Efficacy Of Oral Trehalose In Spinocerebellar Ataxia 3
Primary Purpose
Spinocerebellar Ataxia Type 3
Status
Recruiting
Phase
Not Applicable
Locations
Malaysia
Study Type
Interventional
Intervention
Trehalose
Maltose
Sponsored by
About this trial
This is an interventional treatment trial for Spinocerebellar Ataxia Type 3 focused on measuring Spinocerebellar ataxia Type 3, Cerebellar Cognitive and Affective Syndrome, Trehalose, Neuropsychology, Magnetic resonance imaging
Eligibility Criteria
Inclusion Criteria:
- Age between 18 and 85 years old.
- Genetically confirmed SCA 3 diagnosis.
- Presence of progressive cerebellar syndrome (i.e. symptomatic) and genetic confirmation of SCA 3 in one of the immediate family members with similar clinical syndrome.
- Able to read, speak, and understand English or Malay.
Exclusion Criteria:
- Diagnosis of Diabetes Mellitus Type 1 or Type 2
- Presence of any concomitant neurological condition that might interfere with clinical measures used in this study.

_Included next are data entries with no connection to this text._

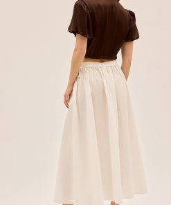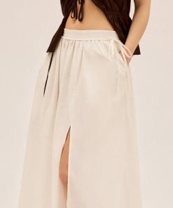 The skirt that goes with everything and makes a statement doing it. The Lucinda Skirt is cut from crisp white cotton in a full, voluminous silhouette with a high split over the leg for ease and movement. A subtle tie detail at the side adds a playful finish, while the fully lined design keeps it effortless and wearable.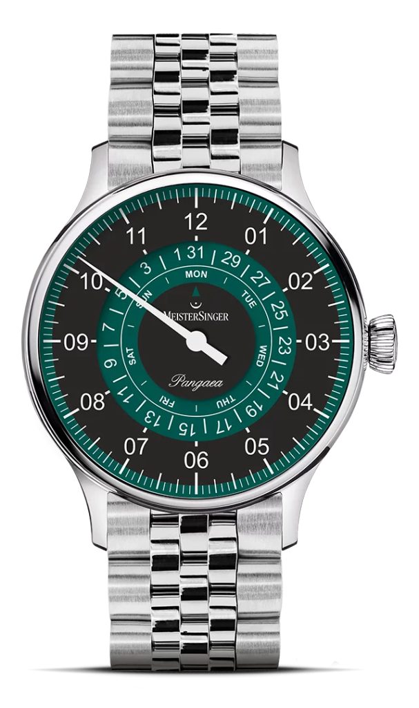 Hodinky MeisterSinger Pangaea Day Date PDD902P patria do série Classic Plus a ponúkajú netradičné, ale o to zaujímavejšie zobrazenie času pomocou jednej ručičky. Hlavným prvkom tohto modelu je ukazovateľ dňa a dátumu, zobrazený pomocou kotúčikov v strede ciferníka. Fanúšikovia kvalitnej hodinárskej výroby a netradičných riešení si preto určite prídu na svoje.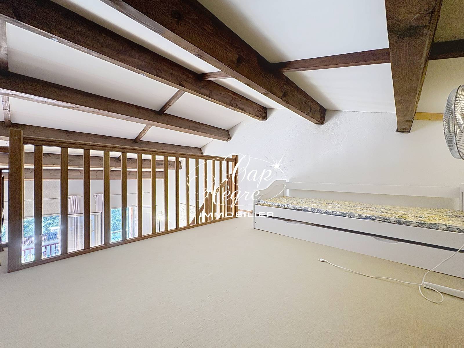 La configuration intérieure séduira tant par son agencement que par son potentiel. La mezzanine, accessible depuis le séjour, offre un bel espace modulable pouvant accueillir une chambre, un bureau ou un lieu de détente selon les besoins. La chambre principale, le WC indépendant et la salle de bains complètent un ensemble fonctionnel et confortable. La cuisine, tout comme les installations incluant réfrigérateur, lave-vaisselle et lave-linge, rendent le tout pratique et fonctionnel. Le double vitrage garantit quant à lui un confort thermique appréciable en toute saison.
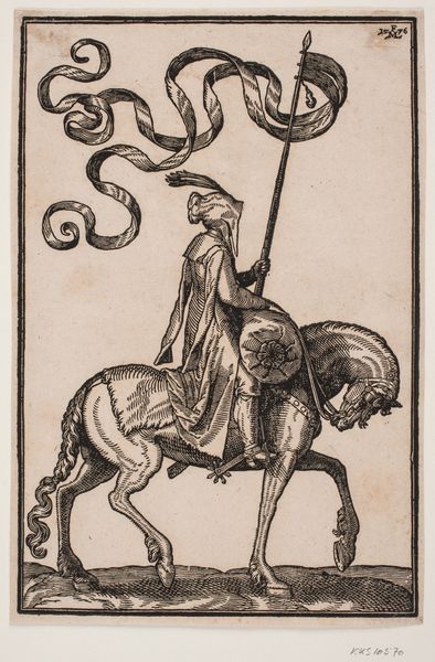Curator: What strikes you first about this print, I wonder? Editor: It has a very strong sense of formality, almost theatrical. The controlled lines and the meticulous detail give it a stiff, stately feel. Curator: That formality is interesting, especially considering the subject. We are looking at a woodcut from 1576 by Melchior Lorck titled “Bereden standartbærer, profil mod v.; standarten er 3-fliget og under den er ophængt en fjer; hans sværd anbragt mellem hans v. ben og hestens flanke,” which translates roughly to "Mounted Standard Bearer, profile to the left; the standard is three-part and a feather is hung under it; his sword placed between his left leg and the horse's flank." Editor: That title is… remarkably specific. Is the focus really on the subject or the symbolic representation of power through the standard? I wonder, considering it's the Northern Renaissance, what political narratives or commentary is present? The figure, identified as a standard-bearer, could represent any number of imperial armies, so I am interested in exploring whose "truth" Lorck represents in this portrait. Curator: Your interpretation touches on important layers. The very act of depicting a "foreign" figure, a person probably of Ottoman descent judging from his turban, and depicting him as a military man reveals much about Europe’s relationship with the "East" during this era. And how he presents that person matters enormously, the work shows a strong Ottoman warrior ready to fight. Editor: It absolutely shapes the European perspective and that makes me uncomfortable, especially as an activist, looking at this image, it begs to raise the issue of historical misrepresentation and the creation of stereotypes. Art in the Northern Renaissance was often propaganda for their particular worldview. Curator: Exactly. It underscores the politics of image-making and how it played a part in shaping perceptions of "the other". It’s a portrait of power but power always rests within particular contexts and agendas. The figure is elegant, but the art object, for consumption by whom and for what reasons, really does matter. Editor: It gives a great insight into the historical forces at play and into who decided who gets to tell what stories about who. A fascinating and sobering point, thank you. Curator: It highlights art’s engagement within a context where we get to investigate those complicated narratives.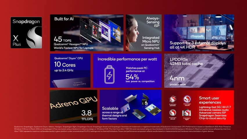 Qualcomm наголосила на можливості штучного інтелекту нових чіпів серії Snapdragon X. Чіп Snapdragon X Plus оснащено 10 кастомними ядрами CPU Oryon, створеними Qualcomm. За словами компанії, CPU забезпечує покращення продуктивності на 37% при зменшенні енергоспоживання на 54% порівняно з конкурентами.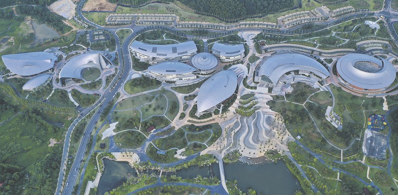 “一园两中心”是集科技普及、文化展示、市民休闲、观光旅游、政务服务于一体,具有益阳特色的地标性建筑群,由梓山湖生态公园、益阳市市民文化中心、益阳市市民服务中心三部分组成。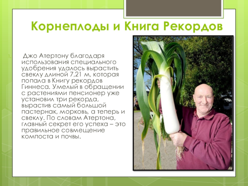 вырастить свеклу длиной 7,21 м, которая попала в Книгу рекордов Гиннеса. Умелый в обращении с растениями пенсионер уже установил три рекорда, вырастив самый большой пастернак, морковь, а теперь и свеклу. По словам Атертона, главный секрет его успеха – это правильное совмещение компоста и почвы.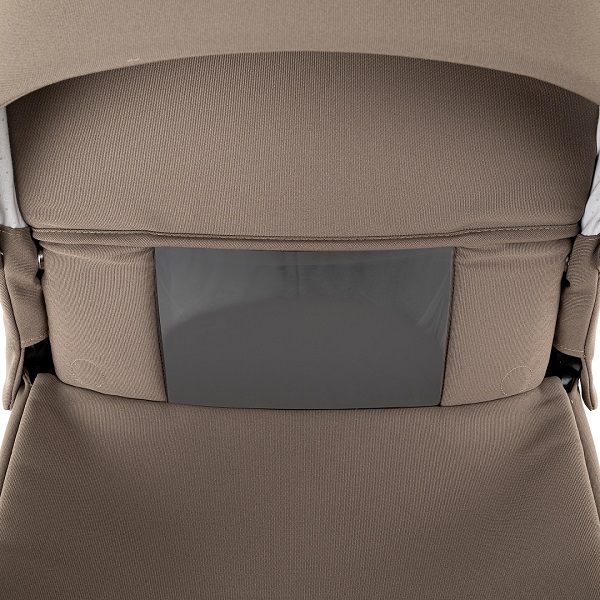- Прогулочный блок имеет отдельный функциональный капор, который можно снять. В капоре есть отсек с антимоскитной сеткой и дополнительный отсек для увеличения покрытия, также есть дополнительный козырёк.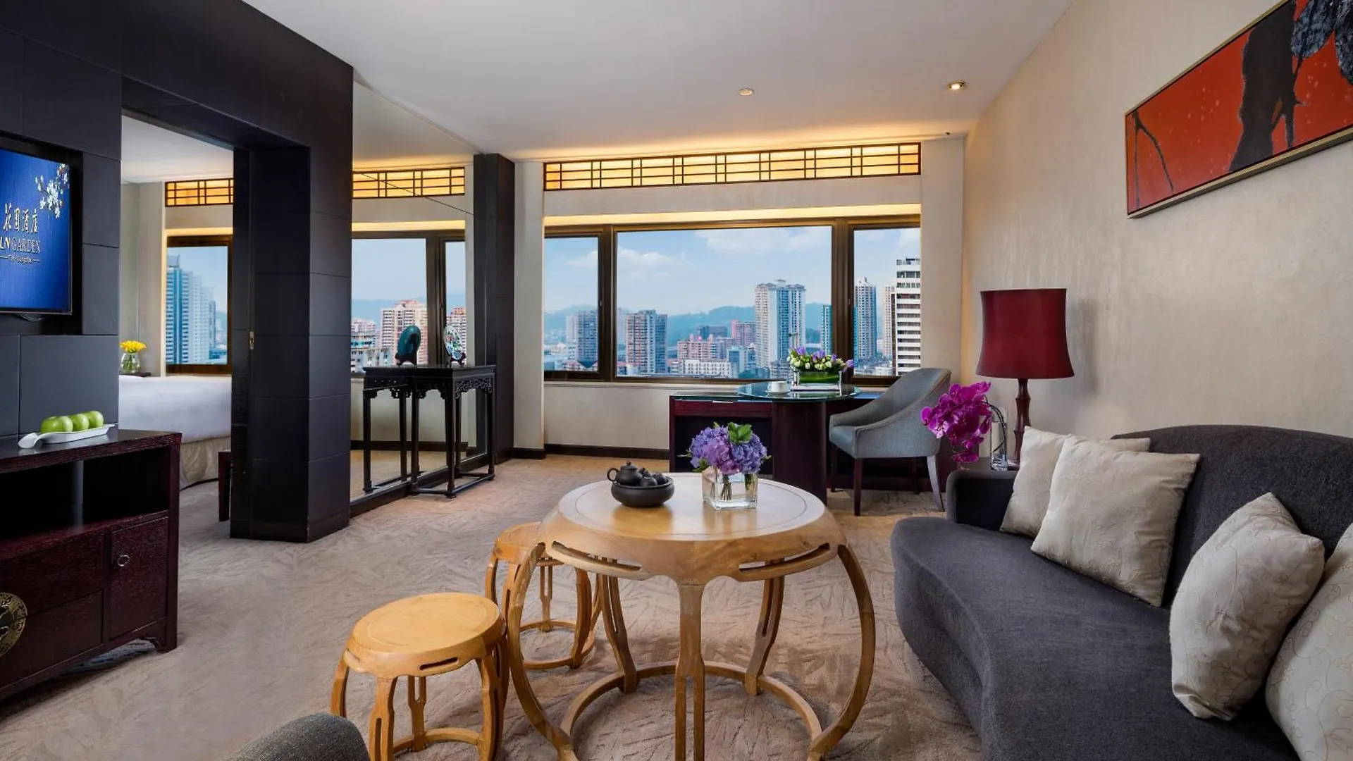El Garden Hotel Cantón cuenta con habitaciones con aire acondicionado que ofrecen TV de pantalla plana con canales vía satélite. Además, disponen de baños privados equipados con secadores de pelo y albornoces. Las habitaciones están equipadas con un minibar y servicio de tetera/cafetera, así como con un sofá y un escritorio. Los cuartos de baño incluyen una bañera de hidromasaje y una sauna, junto con comodidades como secadores de pelo y albornoces.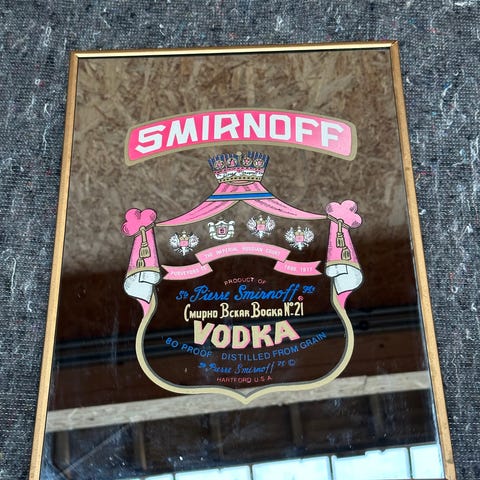 Shaken not stirred. Vintage Martini-spejl (33,5x23,5 cm) samt 5 Martini-glas med diskret Martini-logo. Rammen har lige fået en ny gang olie, så den står skarp! Til herreværelset, man cave eller hjemmebaren? Sælges kun samlet.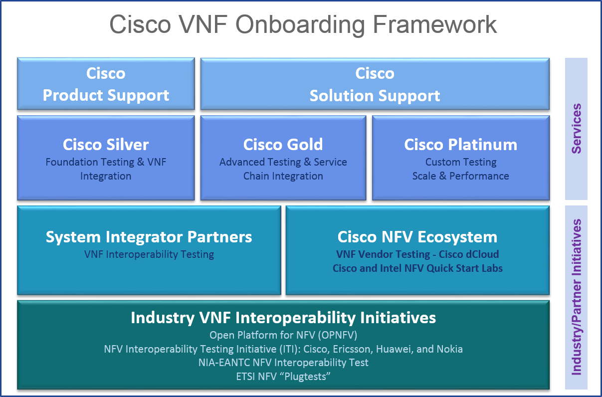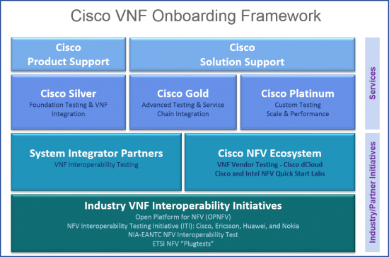 Cisco Services helps customers address these requirements. And we include service chain integration, customer-specific testing including security, large scale performance and scale testing as our customers have come to expect. These customers have very exacting “certification” or Network Ready for Use (NRFU) testing that we have worked jointly on achieving for many years. Our “Silver”, “Gold” and “Platinum” levels of service will test VNFs – Cisco and Third Party – to multiple level of customer-specific test specification. In the Gold and Platinum levels, Cisco’s world-leading Cisco Solution Validation Services (SVS), where we have built and tested the world’s biggest and most complex networks, are engaged by the most demanding customers. With these three levels of due diligence, coupled with continuing investment in our SVS labs, we’ll bring focus on testing software VNFs -including third party VNFs – to the same level of diligence that our customers have come to expect from our large scale hardware network testing.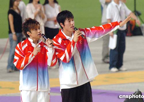 图:古巨基与刘翔在精英大汇演上高歌
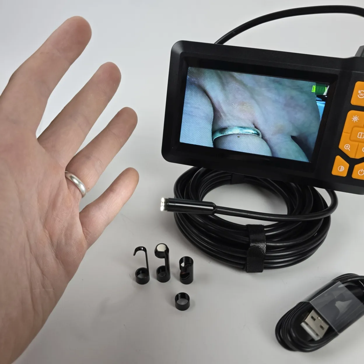 Endoskopska kamera s 4,3" HD zaslonom namijenjena je za vizualni pregled teško dostupnih mjesta poput odvoda, cijevi, motora, zidova i drugih uskih prostora – bez potrebe za spajanjem na mobitel ili računalo.
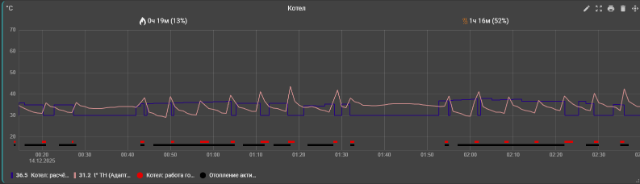 Ну это правильнее смотреть совместно с целевой и фактической на датчике воздуха. Поскольку даже если он догрел теплоноситель, а целевой по воздуху нет, то он и не выключится, пока не догреет помещение.Ragers писал(а): 15 дек 2025, 21:15 Работа котла регулируется по воздуху, да. График с теплоносителем, потому что наглядно видно как он быстро нагревается и остывает тоже.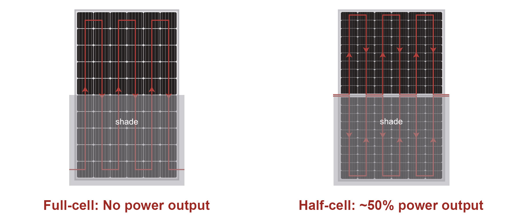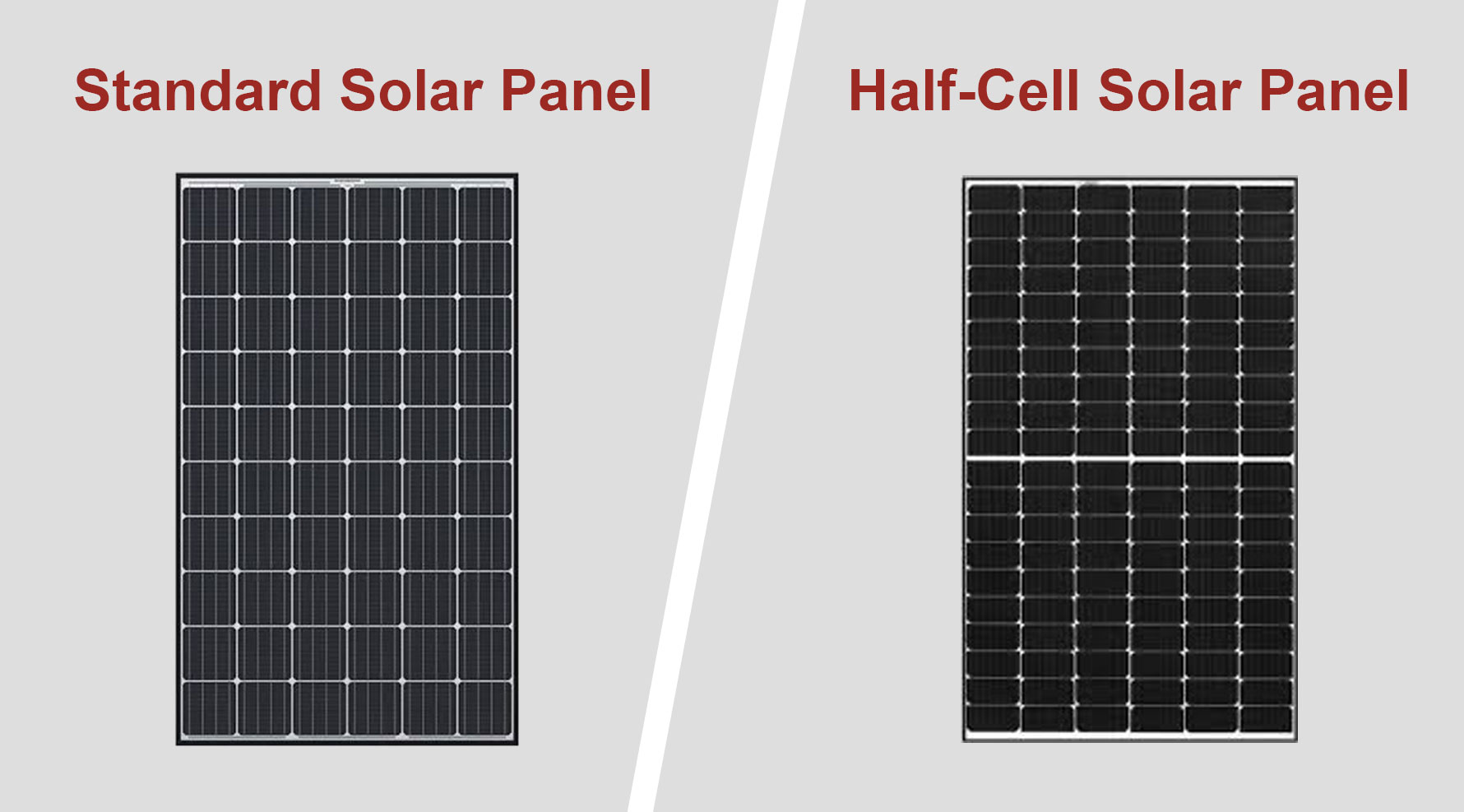 Halbzellen-Solarmodule sind genau das, was ihr Name vermuten lässt – traditionelle Solarzellen, die mit einem Laserschneider. in zwei Hälften geschnitten wurden, im Gegensatz zu den Standardmodulen,, die 60 oder 72 Zellen, pro Halbzelle enthalten Modul verdoppelt die Anzahl der Zellen auf 120 oder 144 Zellen pro Modul. es hat die gleiche Größe wie ein Standardzellenmodul, aber mit Halbzellen. schafft die Technologie der Verdopplungszellen mehr Möglichkeiten, Sonnenenergie aus dem Sonnenlicht zu gewinnen und an den Wechselrichter senden.

- Presence of contraindication or hypersensitivity to trehalose.
- Use of stimulant / medication, caffeine, and tobacco within less than 24 hours washout period prior to assessment and / or scan.
- Presence of severe visual and / or auditory perceptual deficits.
- MRI contra-indications: claustrophobia, pregnancy, electronic implants (e.g. pacemaker) in the body, aneurysm clip, and current or past employment as machinists, welders or metal workers.
Sites / Locations
- UKM Medical CentreRecruiting
Arms of the Study
Arm 1
Arm 2
Arm Type
Experimental
Placebo Comparator
Arm Label
Trehalose
Maltose placebo
Arm Description
Trehalose powder form to be dissolved in water, to be consumed by mouth, every day for 3 months.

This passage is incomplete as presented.